Which Side Are You On? Trying to Be For Labor When It's Flat On Its Back
- Author: Thomas Geoghegan
- Language: English
- Genre: Labor studies
- Publisher: Farrar, Straus and Giroux
- Publication date: August 1, 1991
- Publication place: United States
- Media type: Print (hardcover)
- Pages: 352
- ISBN: 978-0374289195

= Which Side Are You On? (book) =

1991 book by Thomas Geoghegan

Which Side Are You On? Trying to Be For Labor When It's Flat on Its Back is a 1991 book by Thomas Geoghegan.
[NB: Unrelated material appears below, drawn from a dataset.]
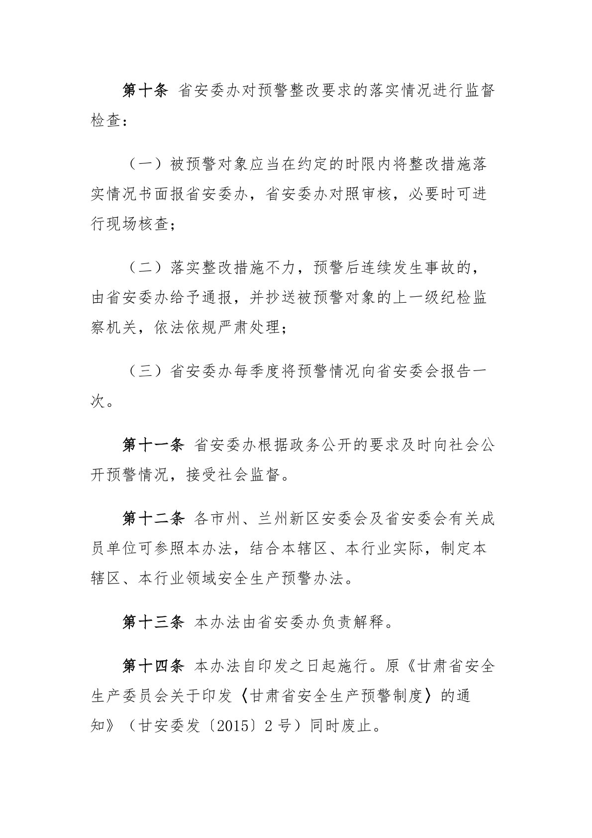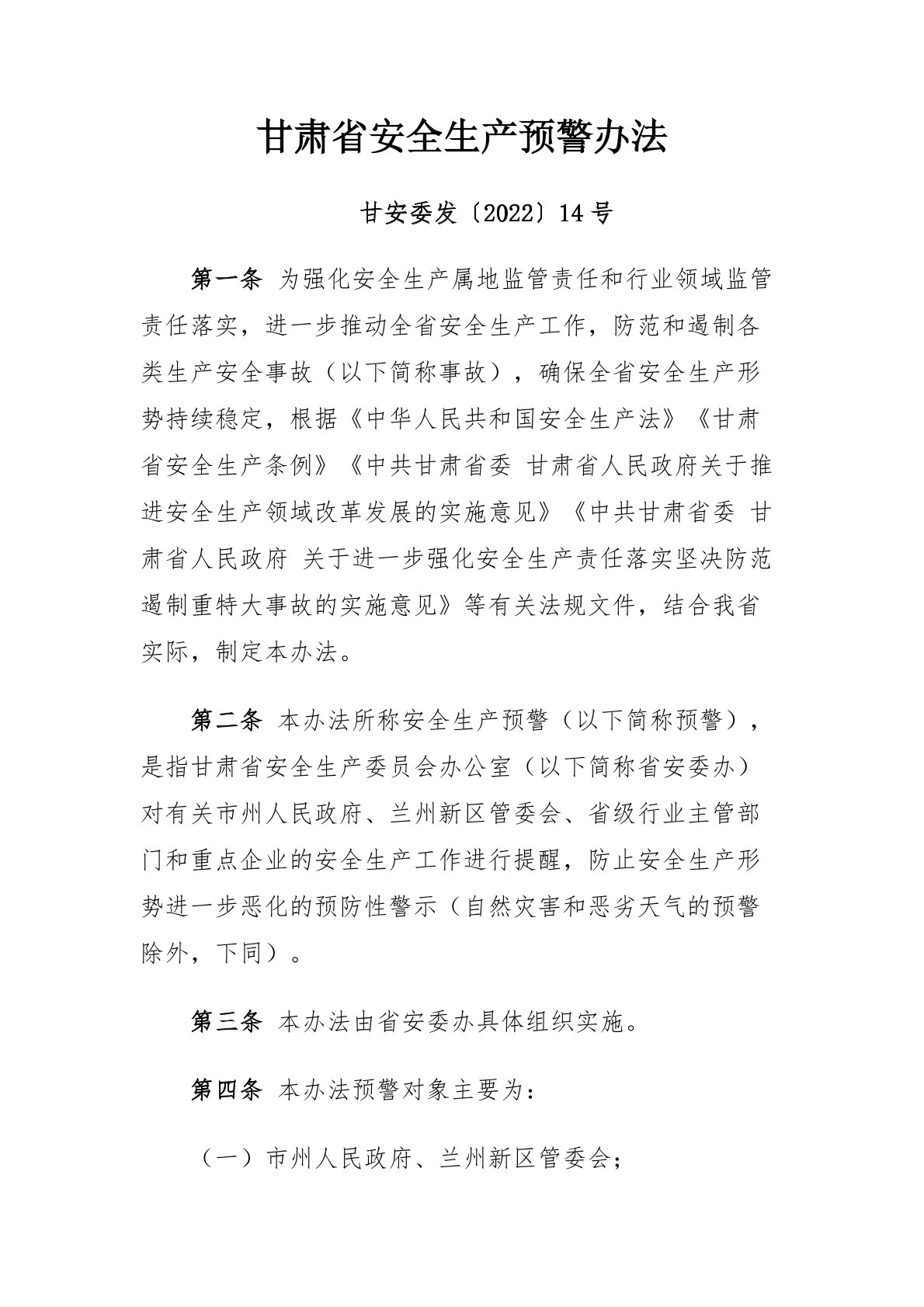 甘肅省安全生產(chǎn)預(yù)警辦法

It was reissued by The New Press in 2004. It chronicles Geoghegan's work with labor unions in the 1970s and 1980s, particularly his efforts to help steel workers at South Deering's Wisconsin Steel mill.

==Reception==
Which Side Are You On? was nominated for the 1991 National Book Critics Circle Award. It earned positive reviews. The New York Times referred to it as a "quirky, brilliant career memoir."

==Legacy==
Its reputation has grown over the years. Hendrik Hertzberg, in a 2009 New Yorker article, called it "one of the finest nonfiction books by a contemporary author...a delightful book about the labor movement." Alex Kotlowitz, in the Chicago Tribune, wrote that it was a "smart, irreverent, personal account of organized labor's woes, from a union sympathizer."